- [TASK BRIEF]: Your answer should hold exactly the lines below from the line with "বুধবার বিকেল ৫" through the line with "प्रहरीले संकलन गरेको", both included, and no pictures at all.

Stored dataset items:
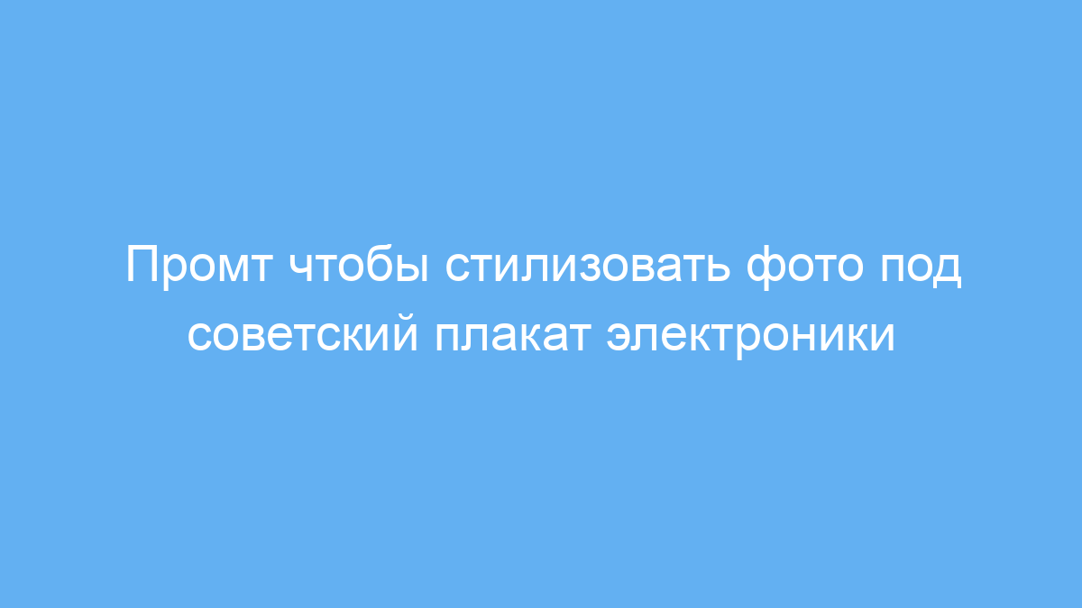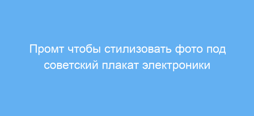 Промт работает с нейросетями, генерирующими изображения. При его применении исходное фото преобразуется в графику, напоминающую плакаты того времени, с акцентом на характерные детали электроники и стилизованный пиксельный текст «ТЕХНОЛОГИИ ДЛЯ НАРОДА!». Это помогает быстро создавать эффектные визуальные материалы для рекламы, соцсетей или образовательных проектов по истории техники.
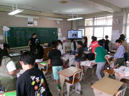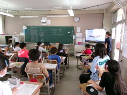 包丁の使い方を動画で視聴していました。ものさしを包丁に見立てて,実際に切る練習をしてみました。また,相手に渡す時にはそのまま手渡さないことや,机の上に直接置くのではなくふきんなどの上に置くことなども確認することができました。
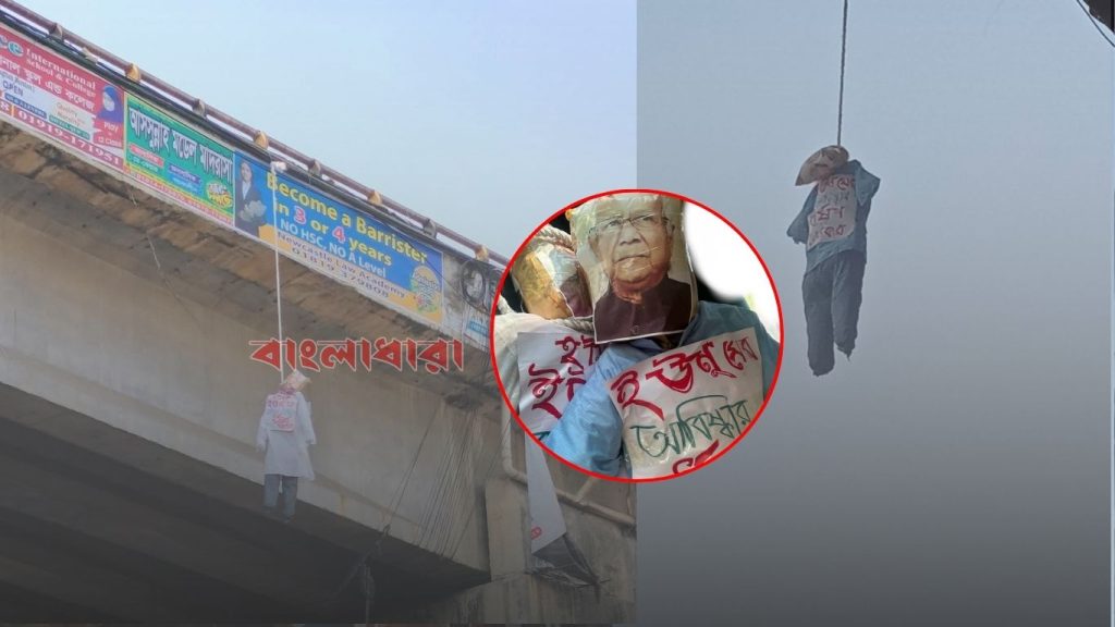 বুধবার বিকেল ৫ টার দিকেও চট্টগ্রাম ওয়াসার মোড় আখতারুজ্জামান ফ্লাইওভারের উপর থেকে ঝুলতে দেখা যায় ওই কুশপুত্তলিকা। যার বুকে সাদা কাগজে লাল কালিতে ড. ইউনুসের নাম ও মুখে তাঁর ছবি সাঁটানো আছে। তবে বাংলাধারায় এ সংক্রান্ত একটি ভিডিও প্রকাশ করা হয়। কিন্তু ইফতারের পর ঝুলতে থাকা কুশপুত্তলিকা আর দেখা যায়নি।
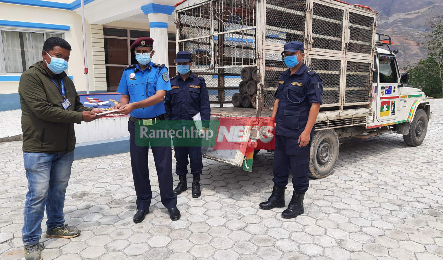 प्रहरीले संकलन गरेको २४ वटा अक्सिजन सिलिन्डर मध्य आज १५ वटा सिलिन्डर जिल्ला अस्पताल रामेछापलाई बुझाएको छ । संकलन गरिएको सिलिन्डिर जिल्ला प्रहरी कार्यालय रामेछापका डिएसपी नवराज ढुंगानाले आज अस्पतालका प्रतिनिधिलाई हस्तान्तरण गरेका हुन् ।
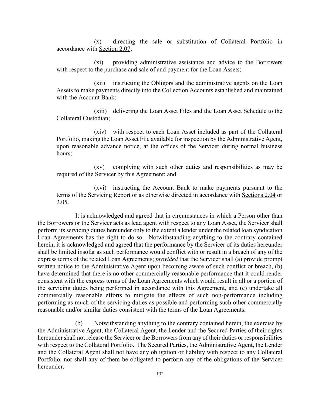 132 (x) directing the sale or substitution of Collateral Portfolio in accordance with Section 2.07; (xi) providing administrative assistance and advice to the Borrowers with respect to the purchase and sale of and payment for the Loan Assets; (xii) instructing the Obligors and the administrative agents on the Loan Assets to make payments directly into the Collection Accounts established and maintained with the Account Bank; (xiii) delivering the Loan Asset Files and the Loan Asset Schedule to the Collateral Custodian; (xiv) with respect to each Loan Asset included as part of the Collateral Portfolio, making the Loan Asset File available for inspection by the Administrative Agent, upon reasonable advance notice, at the offices of the Servicer during normal business hours; (xv) complying with such other duties and responsibilities as may be required of the Servicer by this Agreement; and (xvi) instructing the Account Bank to make payments pursuant to the terms of the Servicing Report or as otherwise directed in accordance with Sections 2.04 or 2.05. It is acknowledged and agreed that in circumstances in which a Person other than the Borrowers or the Servicer acts as lead agent with respect to any Loan Asset, the Servicer shall perform its servicing duties hereunder only to the extent a lender under the related loan syndication Loan Agreements has the right to do so. Notwithstanding anything to the contrary contained herein, it is acknowledged and agreed that the performance by the Servicer of its duties hereunder shall be limited insofar as such performance would conflict with or result in a breach of any of the express terms of the related Loan Agreements; provided that the Servicer shall (a) provide prompt written notice to the Administrative Agent upon becoming aware of such conflict or breach, (b) have determined that there is no other commercially reasonable performance that it could render consistent with the express terms of the Loan Agreements which would result in all or a portion of the servicing duties being performed in accordance with this Agreement, and (c) undertake all commercially reasonable efforts to mitigate the effects of such non-performance including performing as much of the servicing duties as possible and performing such other commercially reasonable and/or similar duties consistent with the terms of the Loan Agreements. (b) Notwithstanding anything to the contrary contained herein, the exercise by the Administrative Agent, the Collateral Agent, the Lender and the Secured Parties of their rights hereunder shall not release the Servicer or the Borrowers from any of their duties or responsibilities with respect to the Collateral Portfolio. The Secured Parties, the Administrative Agent, the Lender and the Collateral Agent shall not have any obligation or liability with respect to any Collateral Portfolio, nor shall any of them be obligated to perform any of the obligations of the Servicer hereunder.
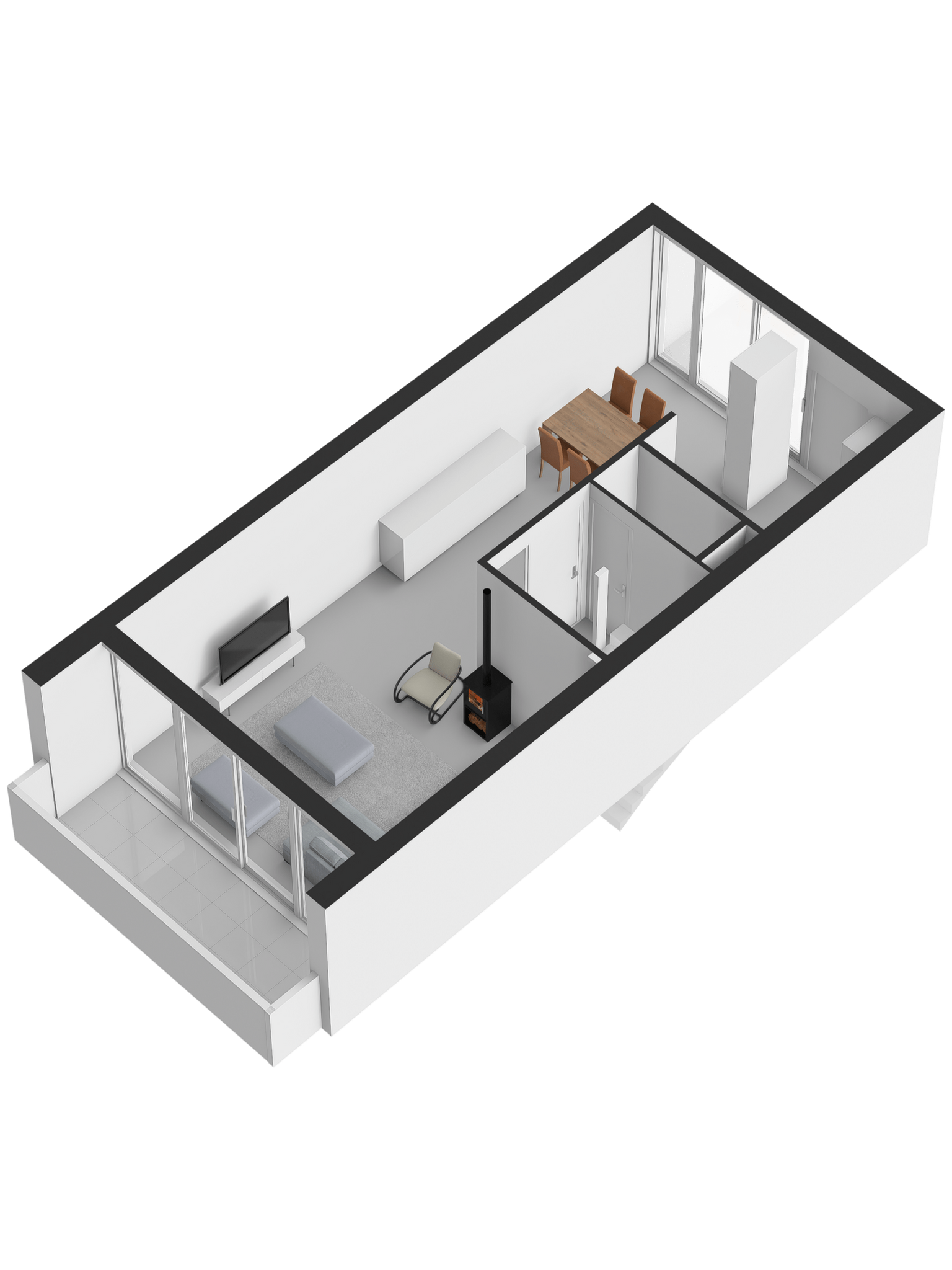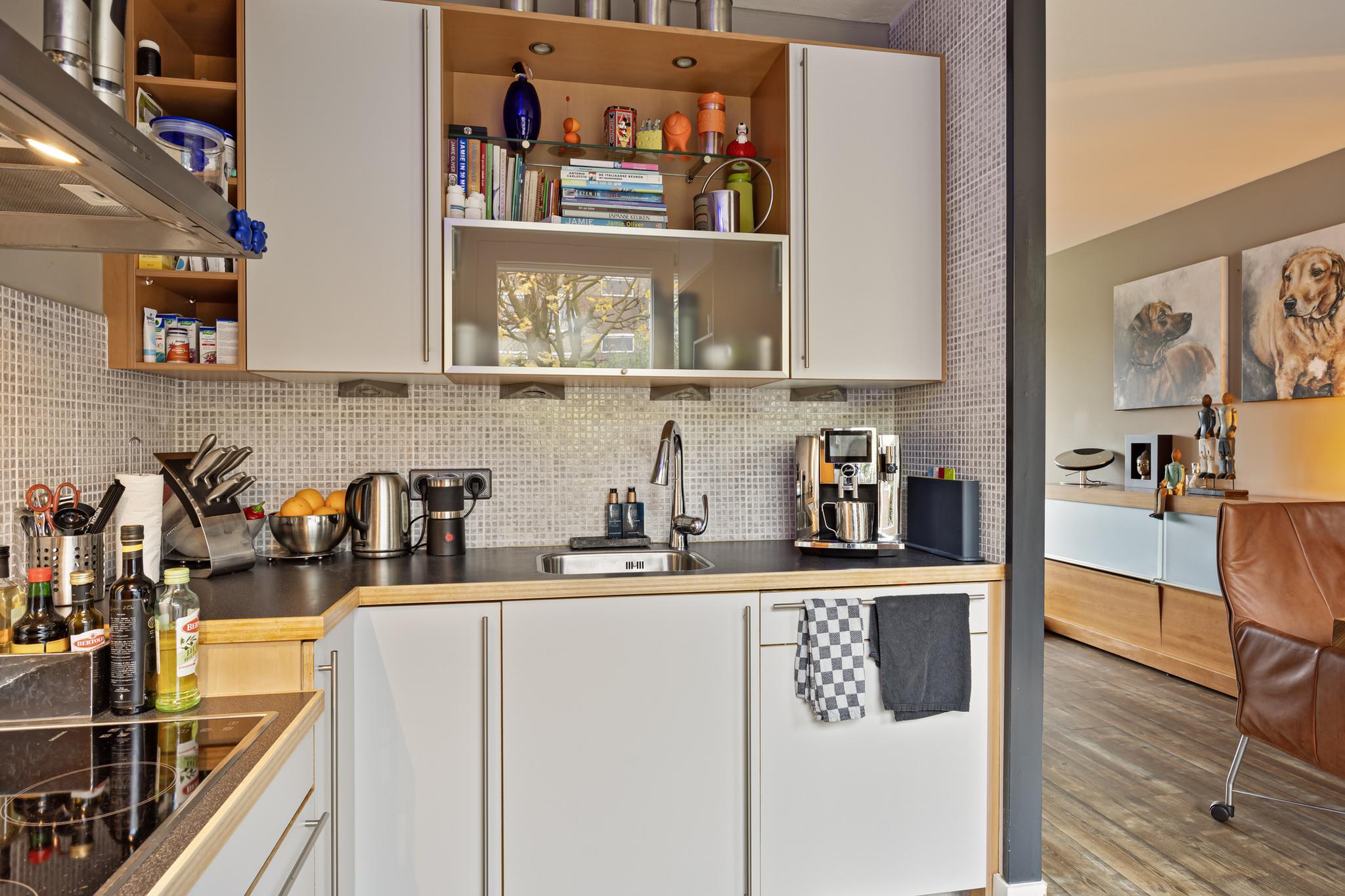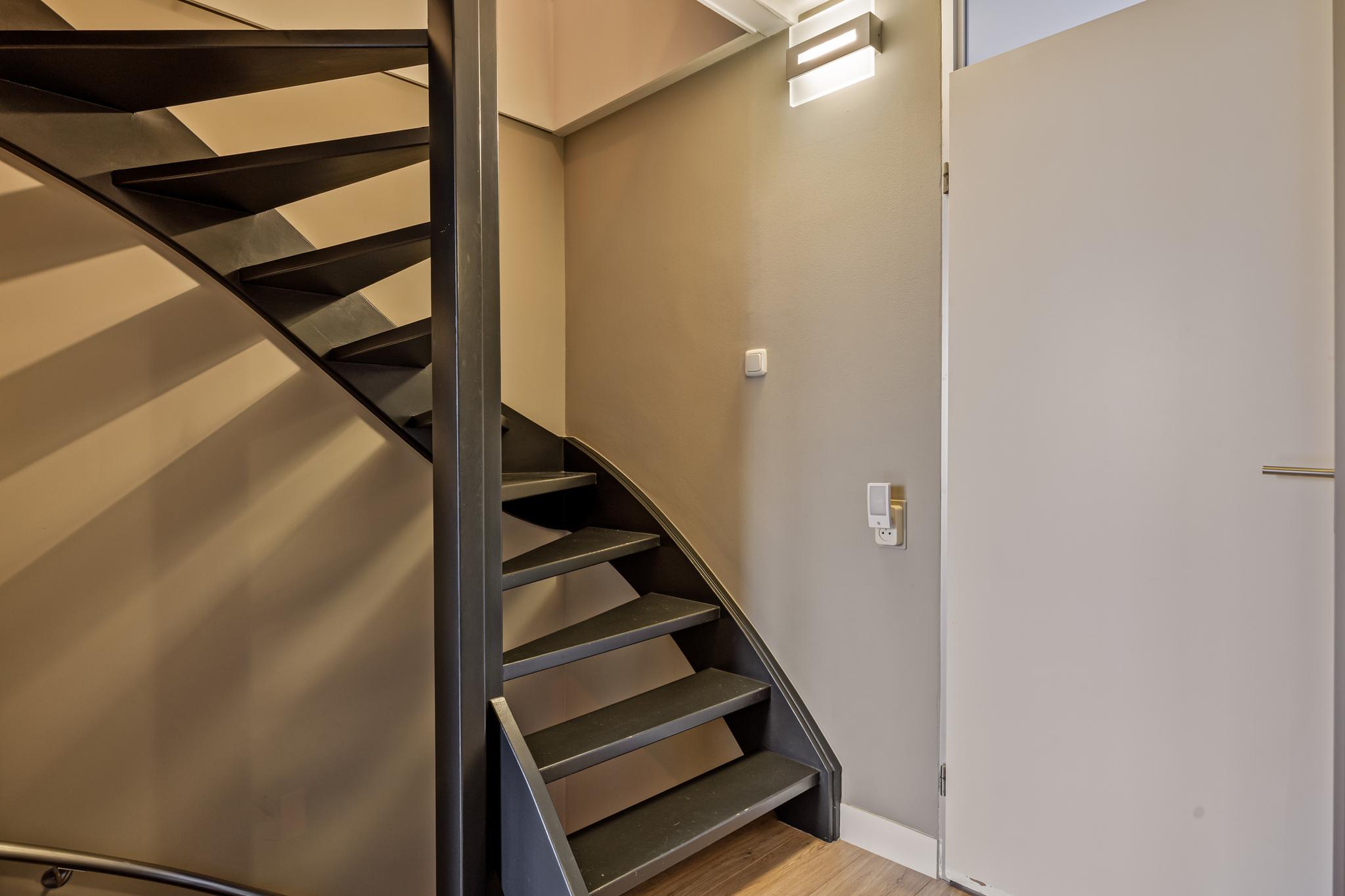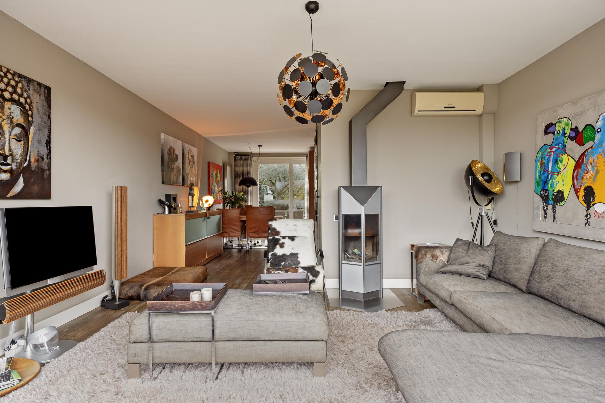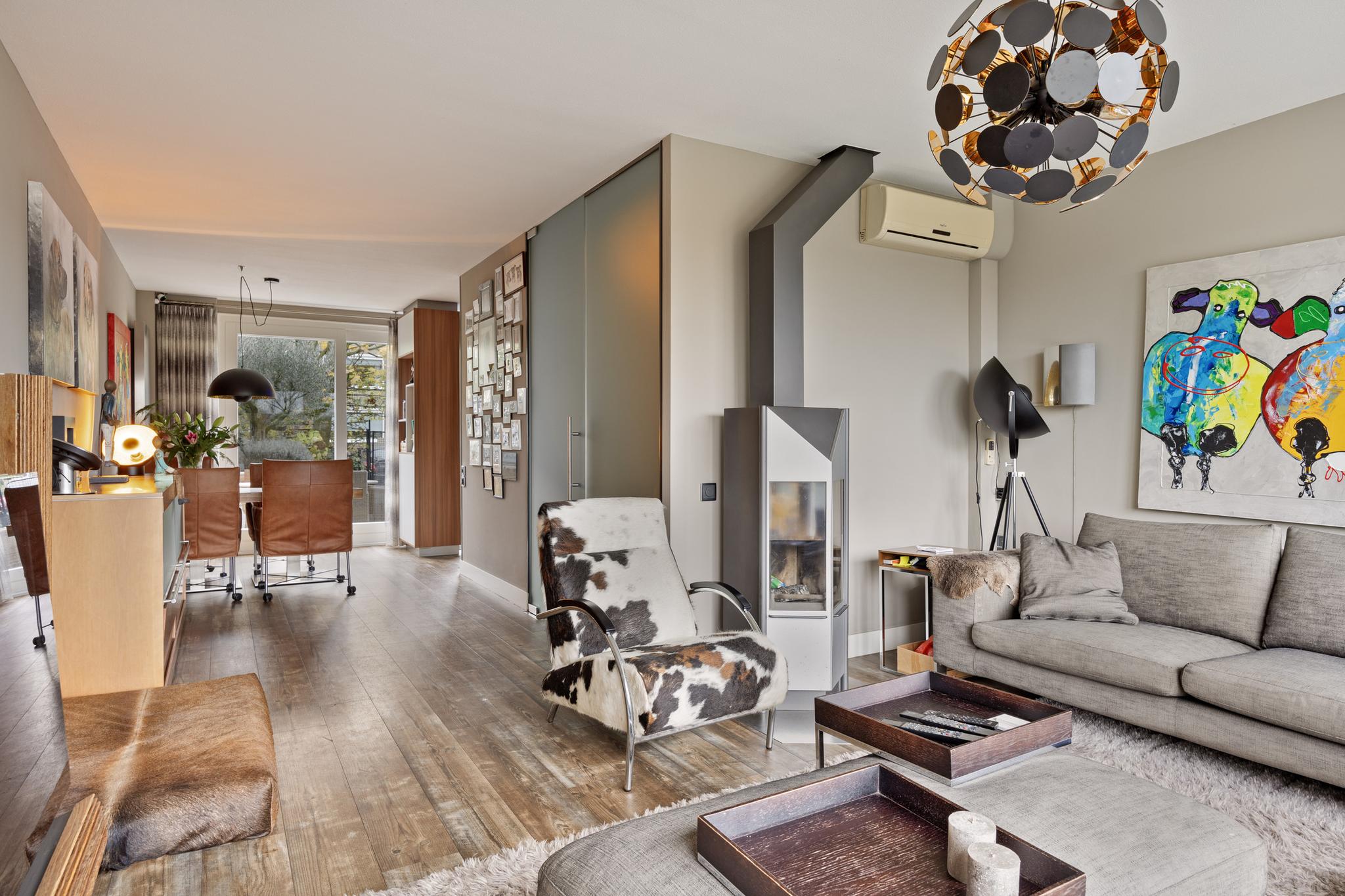 Verlichte traptredes naar 1e verdieping. Sfeervolle woonkamer met houtkachel en aan voorzijde balkon. Doorloop naar volledig ingerichte woonkeuken, waarvan via de schuifpui doorloop naar de zonnige en compleet ingerichte achtertuin met achterom naar parkeermogelijkheid.

- [COMPLETED EXERCISE]:
 বুধবার বিকেল ৫ টার দিকেও চট্টগ্রাম ওয়াসার মোড় আখতারুজ্জামান ফ্লাইওভারের উপর থেকে ঝুলতে দেখা যায় ওই কুশপুত্তলিকা। যার বুকে সাদা কাগজে লাল কালিতে ড. ইউনুসের নাম ও মুখে তাঁর ছবি সাঁটানো আছে। তবে বাংলাধারায় এ সংক্রান্ত একটি ভিডিও প্রকাশ করা হয়। কিন্তু ইফতারের পর ঝুলতে থাকা কুশপুত্তলিকা আর দেখা যায়নি।
 प्रहरीले संकलन गरेको २४ वटा अक्सिजन सिलिन्डर मध्य आज १५ वटा सिलिन्डर जिल्ला अस्पताल रामेछापलाई बुझाएको छ । संकलन गरिएको सिलिन्डिर जिल्ला प्रहरी कार्यालय रामेछापका डिएसपी नवराज ढुंगानाले आज अस्पतालका प्रतिनिधिलाई हस्तान्तरण गरेका हुन् ।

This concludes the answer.